LV volumes and LVEF were assessed using Simpson’s biplane method of discs
from the apical 4 and 2 chamber views at rest. LA volume was measured from the apical 4-
and 2-chamber views using Area-Length method at rest. Volumes were indexed to body
surface area (BSA) when appropriate. Using pulsed wave (PW) Doppler E velocities were
measured with the sample volume placed at the tips of mitral leaflets during diastole. Using
TDI and PW Doppler with the sample volume placed in the septal and lateral mitral annulus e’
velocities were measured and averaged.(4)

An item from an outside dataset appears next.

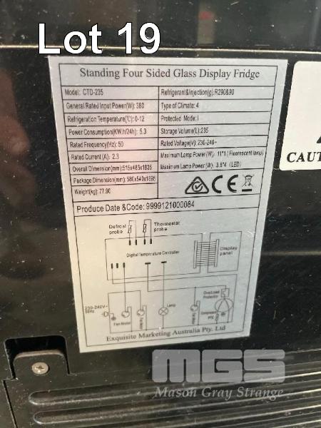 ILLUMINATED UPRIGHT DISPLAY FRIDGE, 3 TIER MOD:CTD-235, 4 WAY GLASS 240 V 10 AMP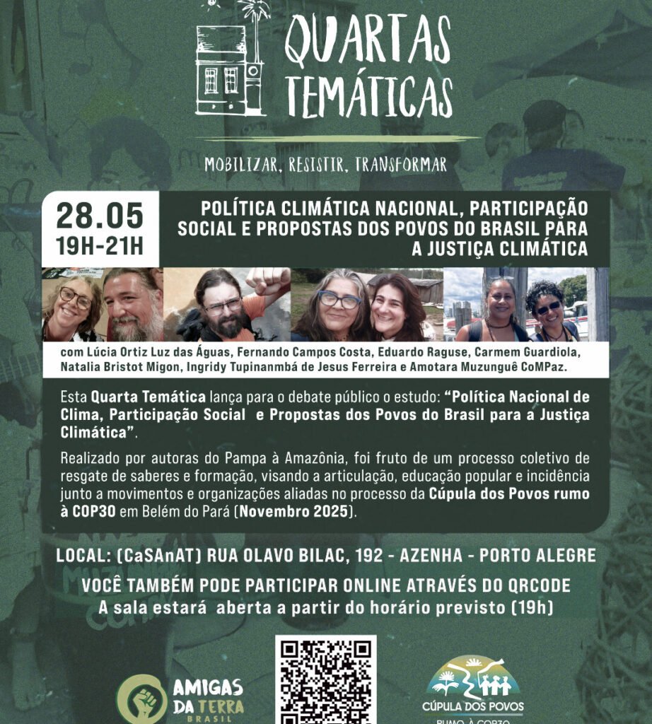 A Amigas da Terra Brasil volta a realizar a Quarta Temática, um espaço de encontro mensal de debate e trocas de experiências, no dia 28 de maio, às 19h, na CasaNat (Rua Olavo Bilac, 192), nossa sede em Porto Alegre (RS). Teremos transmissão ao vivo para todo o país! Nesta Quarta Temática, lançaremos para debate público o estudo . Realizado por autoras e autores do Pampa à Amazônia, foi fruto de um processo coletivo de resgate de saberes e formação, visando a articulação, educação popular e incidência junto a movimentos e organizações aliadas no processo da Cúpula dos Povos rumo à COP30 (Conferência sobre Mudanças Climáticas da ONU), que acontecerá em Belém do Pará, em novembro de 2025. O estudo faz um breve resgate das COPs na América Latina, abordando de forma crítica a participação social na construção das metas nacionais e das política de clima em disputa. Convergindo com as propostas populares em curso, traz também à discussão a Justiça Climática na perspectiva dos povos indígenas, tradicionais e das mulheres amazônidas. Convidamos todas as pessoas interessadas, amigas e companheiras de luta a debaterem com a gente na CaSAnAT! Para quem não puder estar presencialmente, poderá acompanhar ao vivo por este link: https://bit.ly/quarta_tematicaclima (também no QRCode da imagem).

For Doppler recordings horizontal sweep was of 75 or 100 mm/s and 3-5
consecutive beats were used and averaged. All analyses were performed blinded to
hemodynamic and biomarker values.
Biomarkers
Plasma samples were collected at rest from the internal jugular vein after
positioning of the Swan-Ganz catheter prior to exercise. Plasma and serum were collected in
EDTA primed glass tubes, centrifuged for 10 minutes at 3,000 rpm and stored at −80°C until
analysis. Samples underwent ≤2 freeze/thaw cycles before analysis. NT-proBNP was
measured on the Modular E platform (Roche Diagnostics) with lower limit of detection (LOD)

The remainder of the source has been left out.